### WHAT YOU HAVE TO DO
With the images set aside, retype every record below character for character.
☆ ☆ ☆ ☆
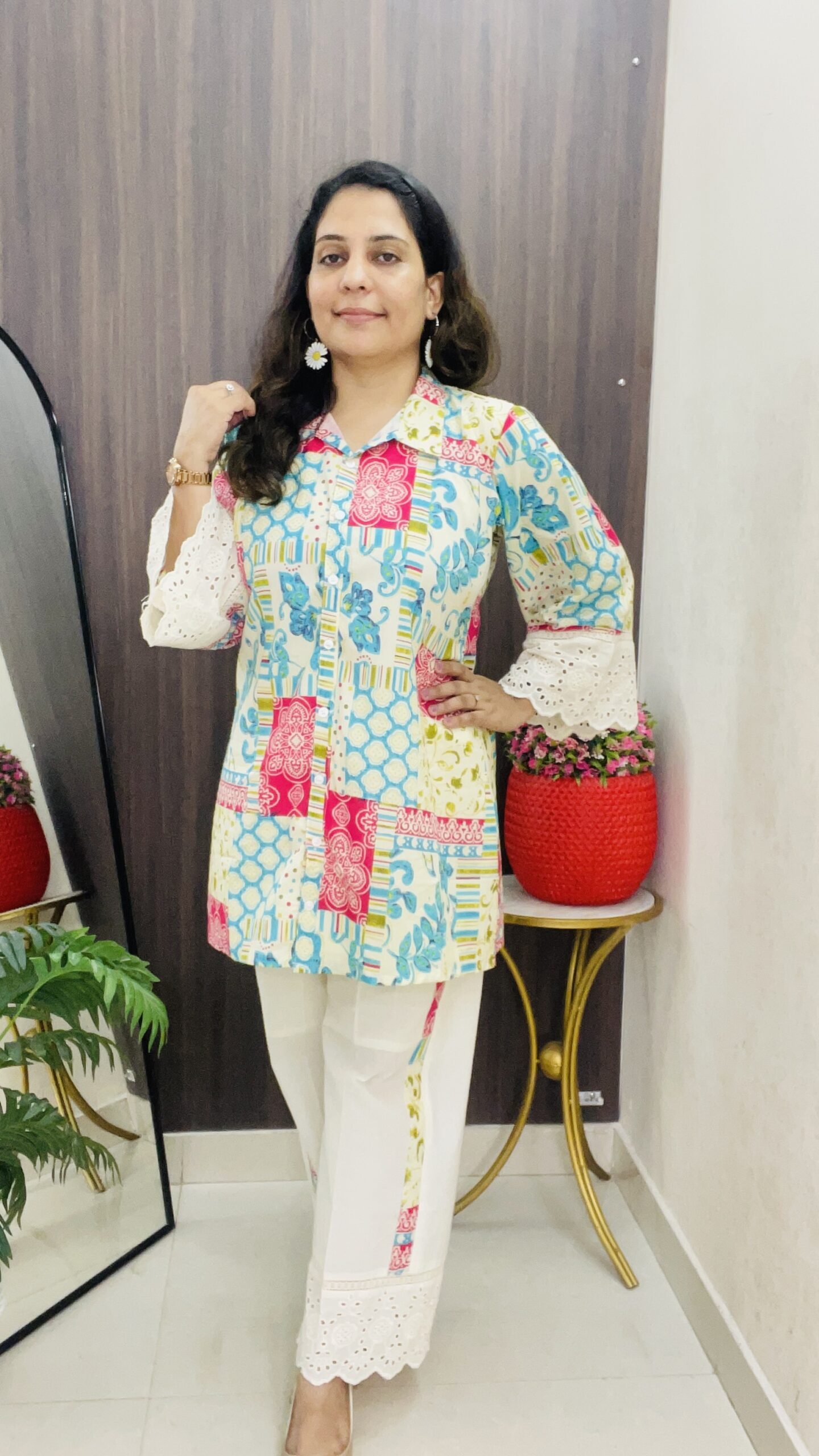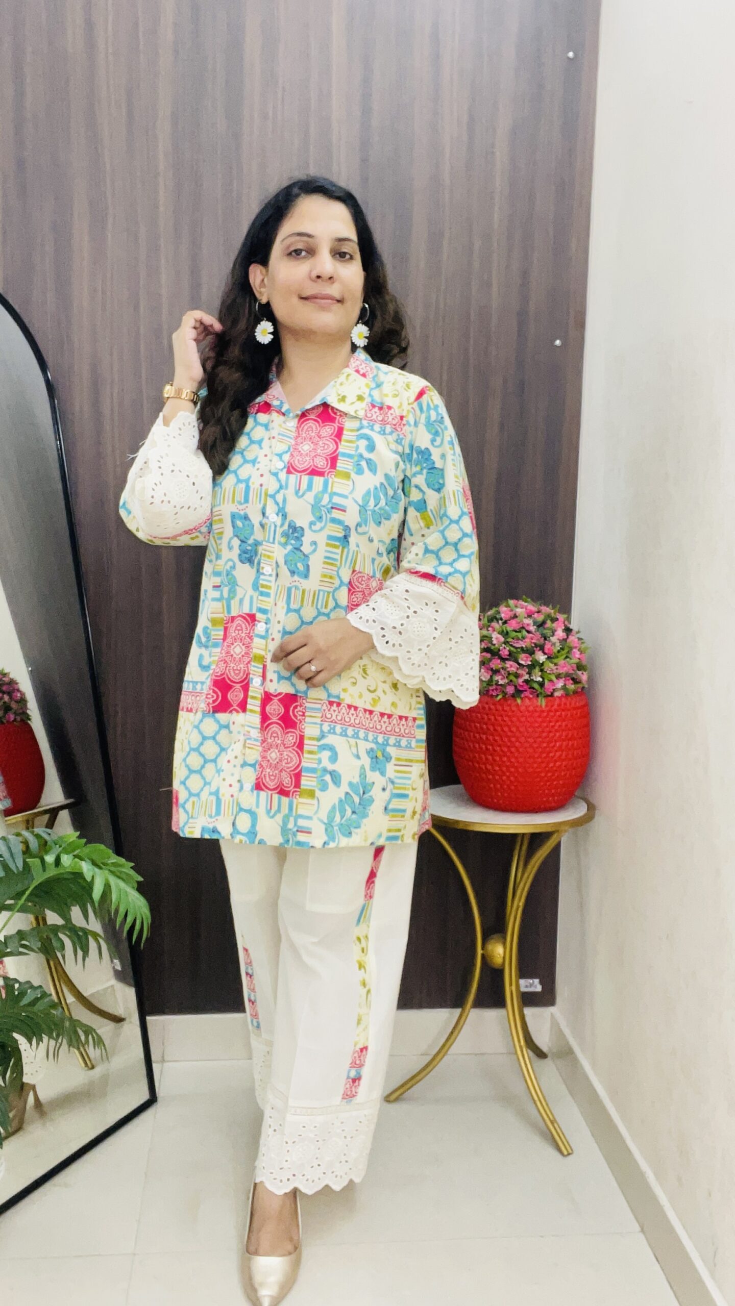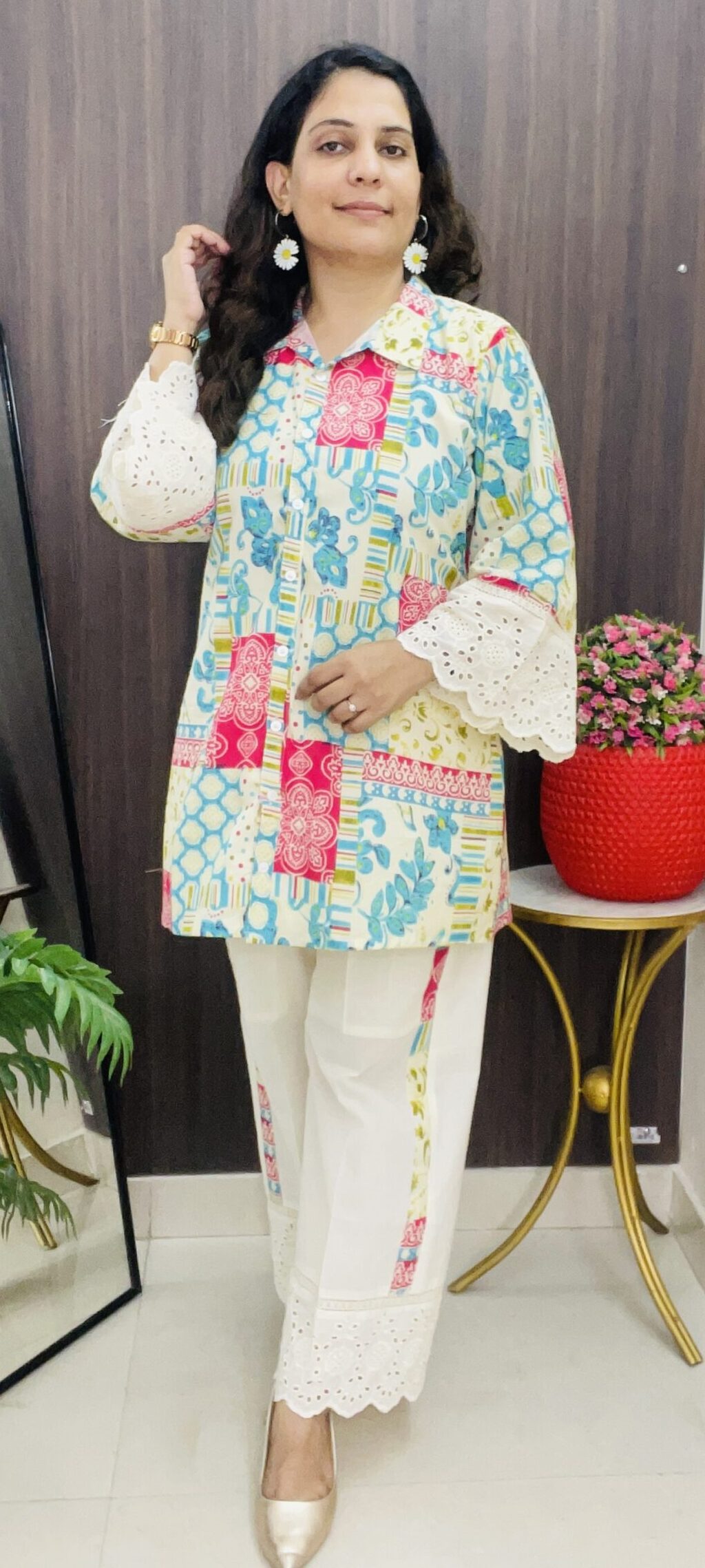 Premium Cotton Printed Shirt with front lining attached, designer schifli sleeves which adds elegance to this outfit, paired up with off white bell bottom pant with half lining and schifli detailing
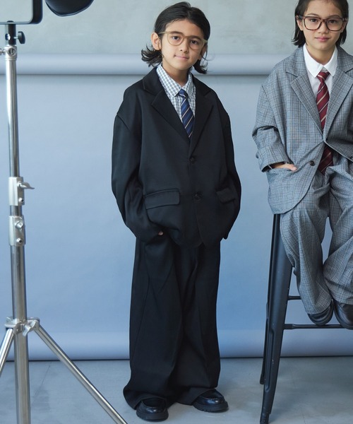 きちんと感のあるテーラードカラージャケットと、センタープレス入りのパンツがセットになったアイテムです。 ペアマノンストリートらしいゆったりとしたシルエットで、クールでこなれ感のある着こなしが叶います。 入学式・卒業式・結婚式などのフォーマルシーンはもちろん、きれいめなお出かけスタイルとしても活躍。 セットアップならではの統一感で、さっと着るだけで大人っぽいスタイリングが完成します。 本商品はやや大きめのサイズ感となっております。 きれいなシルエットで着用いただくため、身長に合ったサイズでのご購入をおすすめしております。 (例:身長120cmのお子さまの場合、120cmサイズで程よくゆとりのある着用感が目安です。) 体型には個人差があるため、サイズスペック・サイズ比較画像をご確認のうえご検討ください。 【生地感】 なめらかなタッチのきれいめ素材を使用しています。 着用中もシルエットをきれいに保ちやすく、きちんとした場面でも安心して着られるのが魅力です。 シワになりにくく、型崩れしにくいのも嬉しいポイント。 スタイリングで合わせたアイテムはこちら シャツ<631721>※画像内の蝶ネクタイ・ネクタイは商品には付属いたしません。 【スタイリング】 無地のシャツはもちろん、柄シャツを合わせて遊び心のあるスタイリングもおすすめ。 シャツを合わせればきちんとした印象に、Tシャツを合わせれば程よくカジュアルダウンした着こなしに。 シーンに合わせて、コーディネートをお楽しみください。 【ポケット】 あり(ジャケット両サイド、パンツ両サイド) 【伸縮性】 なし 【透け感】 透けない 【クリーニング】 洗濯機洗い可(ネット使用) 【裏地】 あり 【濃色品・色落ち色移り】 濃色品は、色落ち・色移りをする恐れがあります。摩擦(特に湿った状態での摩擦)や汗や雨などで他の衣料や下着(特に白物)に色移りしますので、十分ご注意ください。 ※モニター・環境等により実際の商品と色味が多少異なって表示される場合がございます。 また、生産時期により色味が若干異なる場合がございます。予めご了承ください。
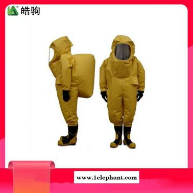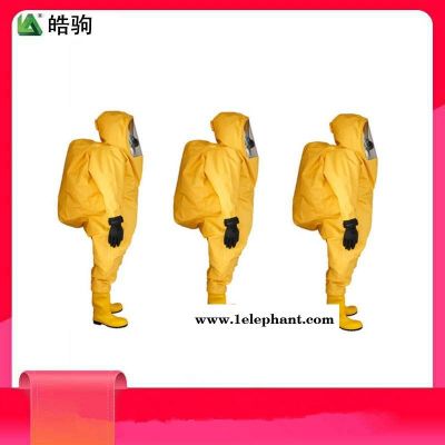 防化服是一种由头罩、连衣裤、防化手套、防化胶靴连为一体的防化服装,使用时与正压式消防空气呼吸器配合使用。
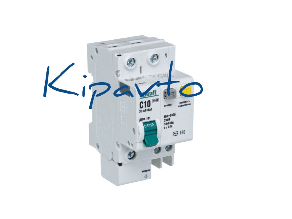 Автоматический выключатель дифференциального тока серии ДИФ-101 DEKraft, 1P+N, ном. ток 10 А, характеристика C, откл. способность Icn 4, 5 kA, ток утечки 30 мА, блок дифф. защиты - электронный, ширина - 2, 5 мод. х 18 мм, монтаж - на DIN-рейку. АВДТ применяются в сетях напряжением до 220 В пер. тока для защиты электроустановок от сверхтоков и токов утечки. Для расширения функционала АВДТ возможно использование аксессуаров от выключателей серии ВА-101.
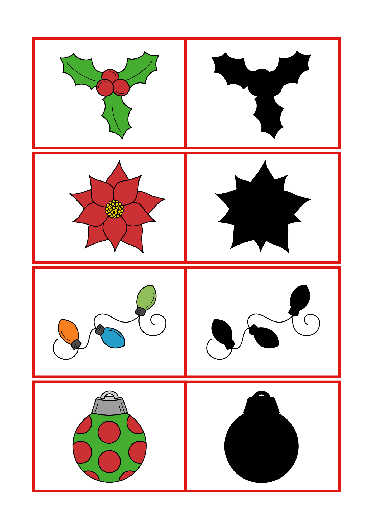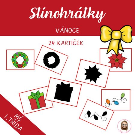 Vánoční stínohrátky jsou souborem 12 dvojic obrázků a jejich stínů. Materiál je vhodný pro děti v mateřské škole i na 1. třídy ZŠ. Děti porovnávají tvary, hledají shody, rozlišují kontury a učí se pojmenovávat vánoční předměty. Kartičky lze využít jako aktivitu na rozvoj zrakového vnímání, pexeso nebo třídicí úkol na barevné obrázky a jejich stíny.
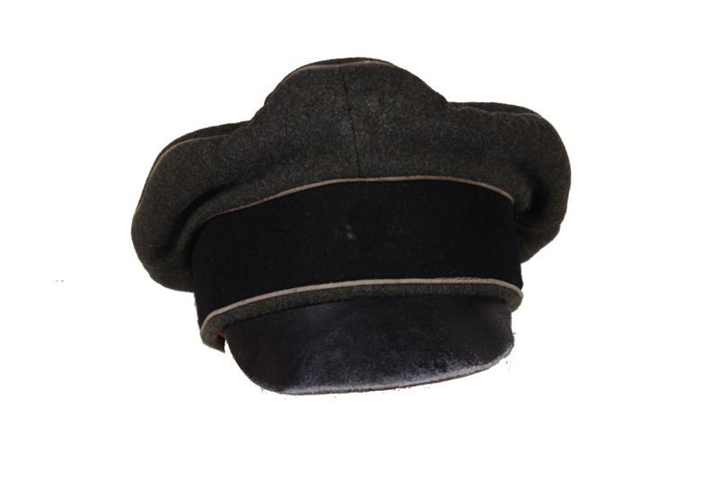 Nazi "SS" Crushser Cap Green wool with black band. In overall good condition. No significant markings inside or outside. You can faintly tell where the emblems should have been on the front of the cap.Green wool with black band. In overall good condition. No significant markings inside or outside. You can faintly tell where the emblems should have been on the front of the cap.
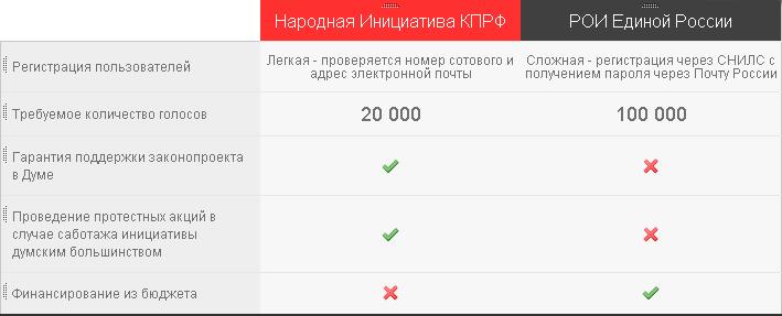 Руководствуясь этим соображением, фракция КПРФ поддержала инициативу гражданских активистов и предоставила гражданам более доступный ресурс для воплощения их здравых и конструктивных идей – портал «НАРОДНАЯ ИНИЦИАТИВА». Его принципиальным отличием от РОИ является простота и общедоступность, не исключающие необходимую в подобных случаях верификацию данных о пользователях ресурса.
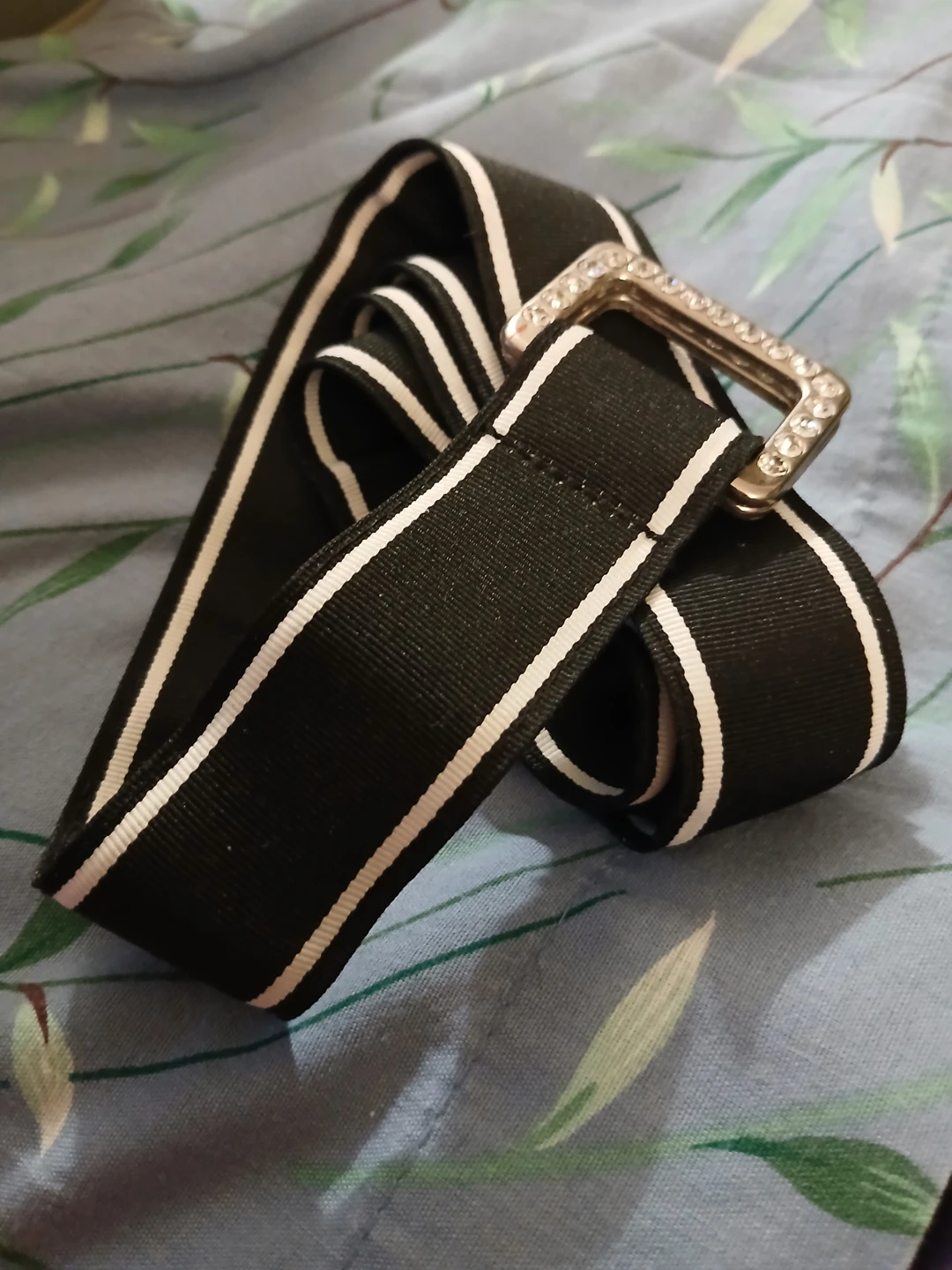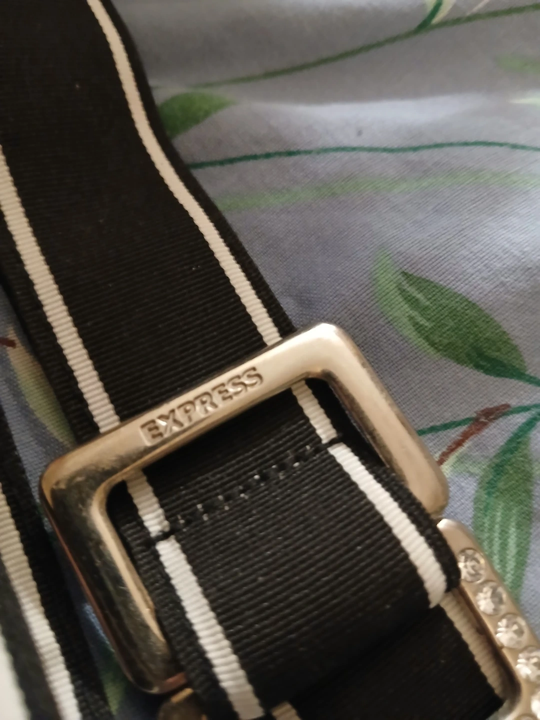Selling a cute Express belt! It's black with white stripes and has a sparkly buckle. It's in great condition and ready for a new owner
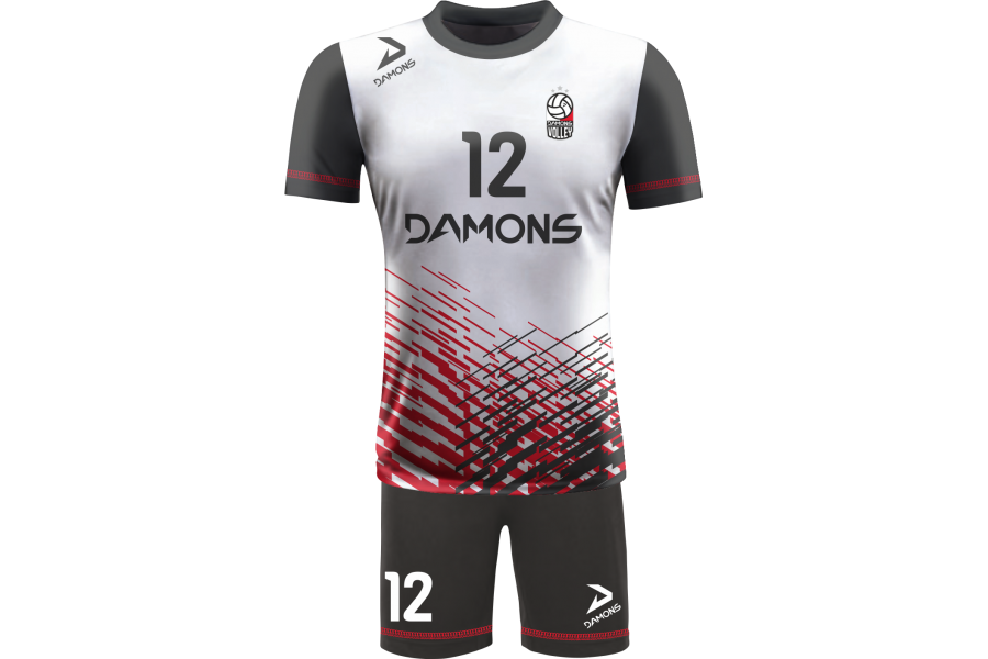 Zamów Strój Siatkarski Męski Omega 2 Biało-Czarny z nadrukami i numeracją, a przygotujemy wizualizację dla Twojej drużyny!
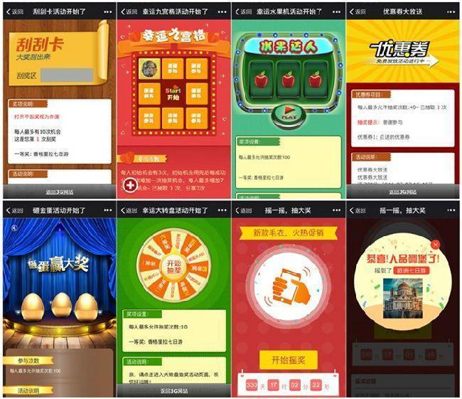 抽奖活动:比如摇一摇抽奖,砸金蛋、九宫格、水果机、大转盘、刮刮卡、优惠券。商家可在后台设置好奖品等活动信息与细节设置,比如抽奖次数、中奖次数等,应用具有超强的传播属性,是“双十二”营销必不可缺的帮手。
☆ ☆ ☆ ☆
### ANSWER SPACE
 Premium Cotton Printed Shirt with front lining attached, designer schifli sleeves which adds elegance to this outfit, paired up with off white bell bottom pant with half lining and schifli detailing
 きちんと感のあるテーラードカラージャケットと、センタープレス入りのパンツがセットになったアイテムです。 ペアマノンストリートらしいゆったりとしたシルエットで、クールでこなれ感のある着こなしが叶います。 入学式・卒業式・結婚式などのフォーマルシーンはもちろん、きれいめなお出かけスタイルとしても活躍。 セットアップならではの統一感で、さっと着るだけで大人っぽいスタイリングが完成します。 本商品はやや大きめのサイズ感となっております。 きれいなシルエットで着用いただくため、身長に合ったサイズでのご購入をおすすめしております。 (例:身長120cmのお子さまの場合、120cmサイズで程よくゆとりのある着用感が目安です。) 体型には個人差があるため、サイズスペック・サイズ比較画像をご確認のうえご検討ください。 【生地感】 なめらかなタッチのきれいめ素材を使用しています。 着用中もシルエットをきれいに保ちやすく、きちんとした場面でも安心して着られるのが魅力です。 シワになりにくく、型崩れしにくいのも嬉しいポイント。 スタイリングで合わせたアイテムはこちら シャツ<631721>※画像内の蝶ネクタイ・ネクタイは商品には付属いたしません。 【スタイリング】 無地のシャツはもちろん、柄シャツを合わせて遊び心のあるスタイリングもおすすめ。 シャツを合わせればきちんとした印象に、Tシャツを合わせれば程よくカジュアルダウンした着こなしに。 シーンに合わせて、コーディネートをお楽しみください。 【ポケット】 あり(ジャケット両サイド、パンツ両サイド) 【伸縮性】 なし 【透け感】 透けない 【クリーニング】 洗濯機洗い可(ネット使用) 【裏地】 あり 【濃色品・色落ち色移り】 濃色品は、色落ち・色移りをする恐れがあります。摩擦(特に湿った状態での摩擦)や汗や雨などで他の衣料や下着(特に白物)に色移りしますので、十分ご注意ください。 ※モニター・環境等により実際の商品と色味が多少異なって表示される場合がございます。 また、生産時期により色味が若干異なる場合がございます。予めご了承ください。
 防化服是一种由头罩、连衣裤、防化手套、防化胶靴连为一体的防化服装,使用时与正压式消防空气呼吸器配合使用。
 Автоматический выключатель дифференциального тока серии ДИФ-101 DEKraft, 1P+N, ном. ток 10 А, характеристика C, откл. способность Icn 4, 5 kA, ток утечки 30 мА, блок дифф. защиты - электронный, ширина - 2, 5 мод. х 18 мм, монтаж - на DIN-рейку. АВДТ применяются в сетях напряжением до 220 В пер. тока для защиты электроустановок от сверхтоков и токов утечки. Для расширения функционала АВДТ возможно использование аксессуаров от выключателей серии ВА-101.
 Vánoční stínohrátky jsou souborem 12 dvojic obrázků a jejich stínů. Materiál je vhodný pro děti v mateřské škole i na 1. třídy ZŠ. Děti porovnávají tvary, hledají shody, rozlišují kontury a učí se pojmenovávat vánoční předměty. Kartičky lze využít jako aktivitu na rozvoj zrakového vnímání, pexeso nebo třídicí úkol na barevné obrázky a jejich stíny.
 Nazi "SS" Crushser Cap Green wool with black band. In overall good condition. No significant markings inside or outside. You can faintly tell where the emblems should have been on the front of the cap.Green wool with black band. In overall good condition. No significant markings inside or outside. You can faintly tell where the emblems should have been on the front of the cap.
 Руководствуясь этим соображением, фракция КПРФ поддержала инициативу гражданских активистов и предоставила гражданам более доступный ресурс для воплощения их здравых и конструктивных идей – портал «НАРОДНАЯ ИНИЦИАТИВА». Его принципиальным отличием от РОИ является простота и общедоступность, не исключающие необходимую в подобных случаях верификацию данных о пользователях ресурса.
Selling a cute Express belt! It's black with white stripes and has a sparkly buckle. It's in great condition and ready for a new owner
 Zamów Strój Siatkarski Męski Omega 2 Biało-Czarny z nadrukami i numeracją, a przygotujemy wizualizację dla Twojej drużyny!
 抽奖活动:比如摇一摇抽奖,砸金蛋、九宫格、水果机、大转盘、刮刮卡、优惠券。商家可在后台设置好奖品等活动信息与细节设置,比如抽奖次数、中奖次数等,应用具有超强的传播属性,是“双十二”营销必不可缺的帮手。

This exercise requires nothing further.